The police sending a file to the CPS isn’t evidence of guilt. That’s just procedure. It’s routine and most files sent to the CPS don’t result in charges. Investigating “every baby she ever had contact with” isn’t evidence-led, it’s a fishing exercise. That’s confirmation bias in action (again!). That’s just Cheshire Police trying to cover their 🍑
It’s funny that so far the most “damning” evidence we’ve seen from this is the fail at GCSE maths that Richard Baker dropped at Thirlwall and Panorama embarrassed themselves by repeating on tv with no statistical oversight (you could say that both moves were ‘premature’).

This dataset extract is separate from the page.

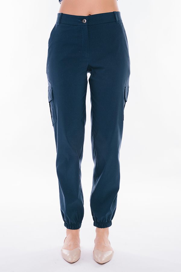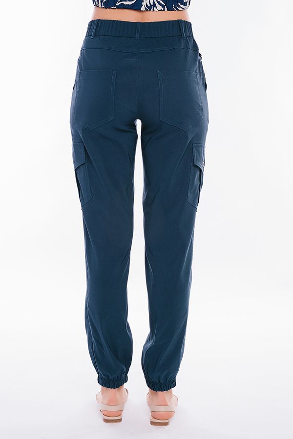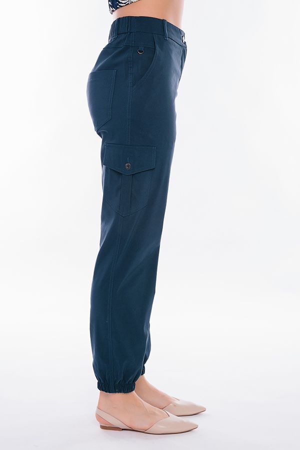 Молодежные брюки в стиле "карго". Детали: спереди застежка на молнию и пуговицу, боковые карманы. Сзади кокетка, накладные карманы. В поясе, задней половинке резина, шлевки. По бокам , в районе середины бедра, накладные карманы с клапаном на пуговице. Низ брюк на резине. Длина по внутреннему шву - 77 см. Ширина низа - 14 см. *Числовые параметры соответствуют размеру 42. Размер модели на фото: 44. Параметры модели: 86-63-94. Рост модели 173 см.

That said, whether new charges ever appear (and I bet they will not) has zero bearing on whether the convictions already secured stand up to scrutiny, which they do not. Using vague ‘maybe more charges’ talk to shut down debate is just gossip. It’s not an argument.
Even if these much ballyhooed “new charges” happened and even if they were somehow rock solid they would not make the extant evidence magically valid.
There is nothing “premature” about citizens in a democracy discussing a matter of tremendous importance to all of our lives. I feel like I’ve repeated that point ♾️ times in this thread already, but it never seems to sink in.
While it would suit many for critics of this case to shut up about it for as many years as it takes for the CPS to never bring charges, I’m afraid we aren’t going to shut up about it.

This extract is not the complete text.